# what do you use in the litter box?



## cydni85 (Feb 20, 2010)

If you are using a fleece liner in the bottom of the cage, what do you put in the litter box?


----------



## LarryT (May 12, 2009)

I use Yesterdays News by Purina.


----------



## LizardGirl (Aug 25, 2008)

I recommend using a sheet of paper towel in a litter box/under the wheel, unless your hedgie has a tendancy to shred/chew on it.


----------



## cydni85 (Feb 20, 2010)

Ok thanks


----------



## Hedgieonboard (Nov 15, 2009)

I use papertowel also


----------



## yeamon (Feb 18, 2010)

I was using corn cob, but I read that it wasnt good for them, and also my hedgie tends to turn her litter box upside down and that can be VERY messy with corn cob! Haha, so I just use papertowel for now. I'd like to use Yesterdays News.


----------



## Herisson (Jan 7, 2009)

I use Soft-Sorbent lavender for both hedgehog litter-boxes and the rat. I pick out the dried flower petals. They all love it.


----------



## Bostongirl (Jan 5, 2010)

I use dog training pads..I cut to size and put under the wheel. I get three days worth of one dog pad.


----------



## tiesaresopxnk (Apr 29, 2010)

Ok I wanted to add a question into this. I feel stupid for asking, but do you scoop it like a regular cat box? I'm going to be using Yesterday's News for potty training my baby boy, and couldnt' really decide if that was the best way to scoop.


----------



## SnufflePuff (Apr 16, 2009)

tiesaresopxnk said:


> Ok I wanted to add a question into this. I feel stupid for asking, but do you scoop it like a regular cat box? I'm going to be using Yesterday's News for potty training my baby boy, and couldnt' really decide if that was the best way to scoop.


Yes poop and pee can be scooped out daily with a regular cat litter scoop. You will find that because yesterday's new is pelleted you will need to completely change the litter out every 3-4 days, possibly more depending on how much your hedgehog pees in it. The pellets go really soggy when wet, which is why it's hard to scoop all the pee out, and why changing the litter completely will be neccessary every few days.


----------



## tiesaresopxnk (Apr 29, 2010)

SnufflePuff said:


> tiesaresopxnk said:
> 
> 
> > Ok I wanted to add a question into this. I feel stupid for asking, but do you scoop it like a regular cat box? I'm going to be using Yesterday's News for potty training my baby boy, and couldnt' really decide if that was the best way to scoop.
> ...


Thanks again Stephanie  I'm slowly getting the hang of things, just a few little things like this that are confusing me. Now if I can just get Rocco to let me pick him up. My husband has been handeling him since I'm still a little uneasy about getting poked again. I figured letting him "tame" him first would be a good choice.

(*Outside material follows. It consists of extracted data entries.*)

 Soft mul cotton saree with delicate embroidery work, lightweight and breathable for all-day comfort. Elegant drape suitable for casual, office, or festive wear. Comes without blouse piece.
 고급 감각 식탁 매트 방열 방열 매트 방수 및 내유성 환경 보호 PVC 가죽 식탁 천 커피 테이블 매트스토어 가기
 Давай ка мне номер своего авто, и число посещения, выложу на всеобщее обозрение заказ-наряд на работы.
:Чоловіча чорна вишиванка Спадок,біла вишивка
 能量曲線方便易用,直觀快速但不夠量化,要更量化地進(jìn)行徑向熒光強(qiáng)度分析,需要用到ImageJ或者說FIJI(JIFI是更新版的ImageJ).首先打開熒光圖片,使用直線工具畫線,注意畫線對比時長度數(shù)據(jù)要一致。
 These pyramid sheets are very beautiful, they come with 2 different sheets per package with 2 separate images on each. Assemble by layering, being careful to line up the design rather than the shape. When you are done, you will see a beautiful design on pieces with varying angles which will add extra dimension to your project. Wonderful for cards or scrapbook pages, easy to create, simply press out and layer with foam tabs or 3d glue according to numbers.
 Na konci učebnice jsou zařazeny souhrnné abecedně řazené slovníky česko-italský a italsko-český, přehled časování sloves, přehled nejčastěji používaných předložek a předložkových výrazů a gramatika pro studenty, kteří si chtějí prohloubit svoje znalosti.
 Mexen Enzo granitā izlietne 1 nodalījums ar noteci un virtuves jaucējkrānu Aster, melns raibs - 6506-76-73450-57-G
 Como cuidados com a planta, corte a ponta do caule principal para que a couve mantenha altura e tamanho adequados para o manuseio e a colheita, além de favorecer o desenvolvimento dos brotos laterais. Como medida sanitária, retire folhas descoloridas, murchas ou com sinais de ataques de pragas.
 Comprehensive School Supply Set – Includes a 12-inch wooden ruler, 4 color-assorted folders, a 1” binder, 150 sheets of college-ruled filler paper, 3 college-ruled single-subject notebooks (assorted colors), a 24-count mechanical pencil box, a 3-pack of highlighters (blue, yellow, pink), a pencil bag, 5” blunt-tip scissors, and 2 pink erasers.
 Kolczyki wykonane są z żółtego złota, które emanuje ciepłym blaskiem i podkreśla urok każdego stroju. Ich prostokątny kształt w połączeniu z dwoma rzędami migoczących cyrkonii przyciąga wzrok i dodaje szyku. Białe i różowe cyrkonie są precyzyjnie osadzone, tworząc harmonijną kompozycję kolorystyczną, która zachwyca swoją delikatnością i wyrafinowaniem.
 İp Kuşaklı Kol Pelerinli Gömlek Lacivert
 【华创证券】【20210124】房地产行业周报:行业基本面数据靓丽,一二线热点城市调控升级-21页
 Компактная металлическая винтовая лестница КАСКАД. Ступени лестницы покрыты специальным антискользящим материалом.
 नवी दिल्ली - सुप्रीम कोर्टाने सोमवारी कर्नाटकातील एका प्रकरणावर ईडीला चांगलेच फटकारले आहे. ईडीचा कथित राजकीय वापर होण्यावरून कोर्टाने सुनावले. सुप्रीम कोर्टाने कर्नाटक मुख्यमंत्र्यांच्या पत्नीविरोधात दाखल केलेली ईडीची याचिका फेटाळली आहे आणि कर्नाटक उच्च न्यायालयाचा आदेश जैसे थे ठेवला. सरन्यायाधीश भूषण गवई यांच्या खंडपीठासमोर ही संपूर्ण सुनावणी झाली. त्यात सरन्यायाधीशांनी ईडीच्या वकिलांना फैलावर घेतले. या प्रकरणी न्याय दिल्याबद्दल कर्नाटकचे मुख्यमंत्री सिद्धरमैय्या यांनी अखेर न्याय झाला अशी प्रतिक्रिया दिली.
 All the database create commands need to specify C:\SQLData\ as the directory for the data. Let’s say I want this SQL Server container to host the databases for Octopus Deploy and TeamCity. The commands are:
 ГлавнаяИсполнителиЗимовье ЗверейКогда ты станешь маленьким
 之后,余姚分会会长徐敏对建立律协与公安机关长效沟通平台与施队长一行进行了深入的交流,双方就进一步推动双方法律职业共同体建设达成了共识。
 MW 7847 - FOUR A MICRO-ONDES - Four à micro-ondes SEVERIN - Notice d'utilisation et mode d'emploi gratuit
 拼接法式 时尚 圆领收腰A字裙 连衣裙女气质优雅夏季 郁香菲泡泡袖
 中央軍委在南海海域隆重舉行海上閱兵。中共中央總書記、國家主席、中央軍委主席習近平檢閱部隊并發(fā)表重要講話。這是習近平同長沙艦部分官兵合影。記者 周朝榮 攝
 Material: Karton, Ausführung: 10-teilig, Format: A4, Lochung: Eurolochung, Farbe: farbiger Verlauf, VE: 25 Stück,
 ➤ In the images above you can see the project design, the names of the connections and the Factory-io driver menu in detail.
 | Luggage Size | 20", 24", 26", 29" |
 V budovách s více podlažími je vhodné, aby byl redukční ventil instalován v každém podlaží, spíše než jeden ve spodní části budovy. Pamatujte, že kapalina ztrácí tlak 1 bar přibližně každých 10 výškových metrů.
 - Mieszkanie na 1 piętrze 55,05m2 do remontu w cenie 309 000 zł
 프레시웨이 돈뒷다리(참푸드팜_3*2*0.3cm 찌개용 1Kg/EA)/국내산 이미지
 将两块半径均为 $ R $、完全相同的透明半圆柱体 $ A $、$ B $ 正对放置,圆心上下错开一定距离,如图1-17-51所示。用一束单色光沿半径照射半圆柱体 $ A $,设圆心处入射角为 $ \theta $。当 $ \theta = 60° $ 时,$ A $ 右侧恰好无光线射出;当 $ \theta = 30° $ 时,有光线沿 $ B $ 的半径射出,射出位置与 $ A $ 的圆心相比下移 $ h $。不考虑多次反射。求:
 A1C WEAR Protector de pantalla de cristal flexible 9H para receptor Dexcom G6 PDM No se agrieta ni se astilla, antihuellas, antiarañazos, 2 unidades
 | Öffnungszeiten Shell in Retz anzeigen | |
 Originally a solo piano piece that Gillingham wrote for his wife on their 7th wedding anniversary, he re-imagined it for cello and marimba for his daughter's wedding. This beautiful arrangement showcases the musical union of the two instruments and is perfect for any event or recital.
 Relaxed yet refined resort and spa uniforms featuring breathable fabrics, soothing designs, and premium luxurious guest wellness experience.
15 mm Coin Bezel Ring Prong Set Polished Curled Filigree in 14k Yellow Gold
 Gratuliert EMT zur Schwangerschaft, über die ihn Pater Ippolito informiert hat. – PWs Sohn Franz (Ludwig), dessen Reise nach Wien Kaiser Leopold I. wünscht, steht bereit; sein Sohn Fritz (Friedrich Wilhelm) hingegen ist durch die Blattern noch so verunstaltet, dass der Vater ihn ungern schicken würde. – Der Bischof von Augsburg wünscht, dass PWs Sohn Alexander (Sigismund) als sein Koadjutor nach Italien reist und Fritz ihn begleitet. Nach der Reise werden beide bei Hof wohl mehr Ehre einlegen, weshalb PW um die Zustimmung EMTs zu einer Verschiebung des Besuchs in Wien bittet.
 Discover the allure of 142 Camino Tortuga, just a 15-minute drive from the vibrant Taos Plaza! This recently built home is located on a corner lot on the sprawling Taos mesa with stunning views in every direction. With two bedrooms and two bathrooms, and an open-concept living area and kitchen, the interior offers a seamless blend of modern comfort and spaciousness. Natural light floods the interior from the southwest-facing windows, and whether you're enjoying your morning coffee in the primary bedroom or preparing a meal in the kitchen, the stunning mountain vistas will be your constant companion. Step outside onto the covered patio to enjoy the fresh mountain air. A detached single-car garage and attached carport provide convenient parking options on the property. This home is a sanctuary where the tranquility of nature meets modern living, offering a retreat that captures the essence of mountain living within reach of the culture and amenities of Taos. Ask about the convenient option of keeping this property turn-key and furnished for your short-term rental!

Everytime I try he just huffs and does the jump thing and tries to quill me :-(


----------



## SnufflePuff (Apr 16, 2009)

tiesaresopxnk said:


> SnufflePuff said:
> 
> 
> > tiesaresopxnk said:
> ...


Don't worry it takes time! You can definitely pick your hedgehog up with a blanket until you are used to him! To be honest, I always still pick mine up out of their cages with either blankets or hedgehog hats. I find that they are always grumpiest when being woke up initially. Once they are out of the cage, you can slowly get used to handling them with your bare hands!


----------